*** Begin section ***

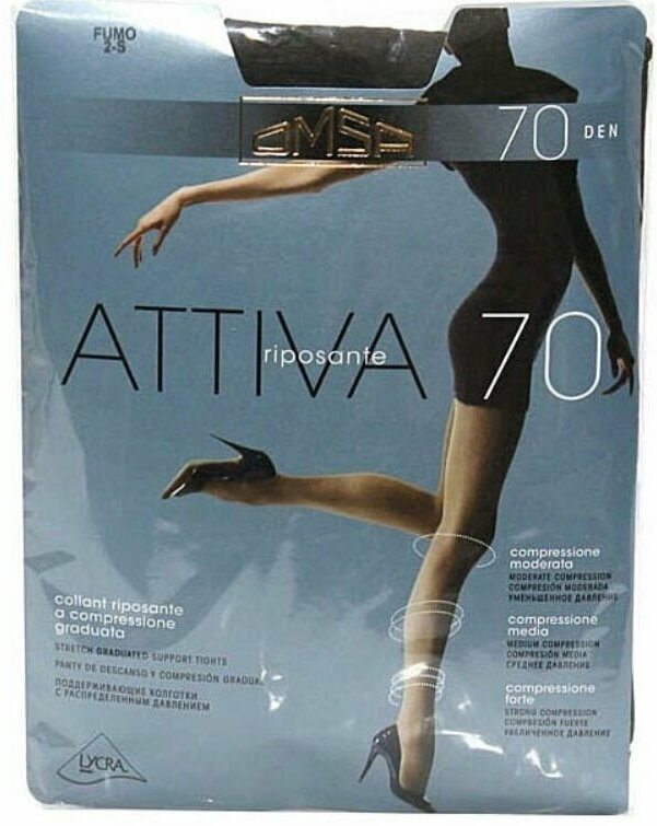 Колготки Omsa Attiva, 70 den, размер 2-S, fumo
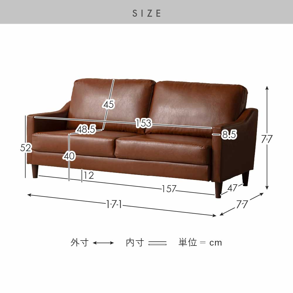 サイズ | 約幅171×奥行き77×高さ77cm |
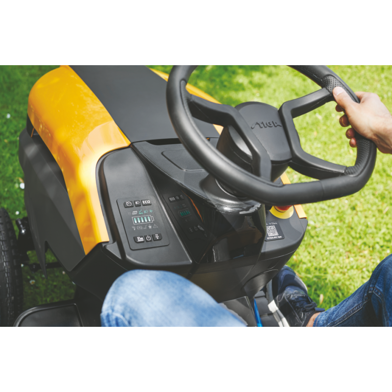 Stiga Estate 584e posiada wiele innowacyjnych funkcji na desce rozdzielczej, które ułatwią jeszcze bardziej z korzystania sprzętu m.in. tryb eco, tempomat czy reflektory LED z traktorem również możesz połączyć się przez aplikacje mobilną lub przez bluetooth!

*** End section ***

◆ Assignment ◆
The preceding listing is to be restated word for word, with every picture omitted.

◆ Task result ◆
 Колготки Omsa Attiva, 70 den, размер 2-S, fumo
 サイズ | 約幅171×奥行き77×高さ77cm |
 Stiga Estate 584e posiada wiele innowacyjnych funkcji na desce rozdzielczej, które ułatwią jeszcze bardziej z korzystania sprzętu m.in. tryb eco, tempomat czy reflektory LED z traktorem również możesz połączyć się przez aplikacje mobilną lub przez bluetooth!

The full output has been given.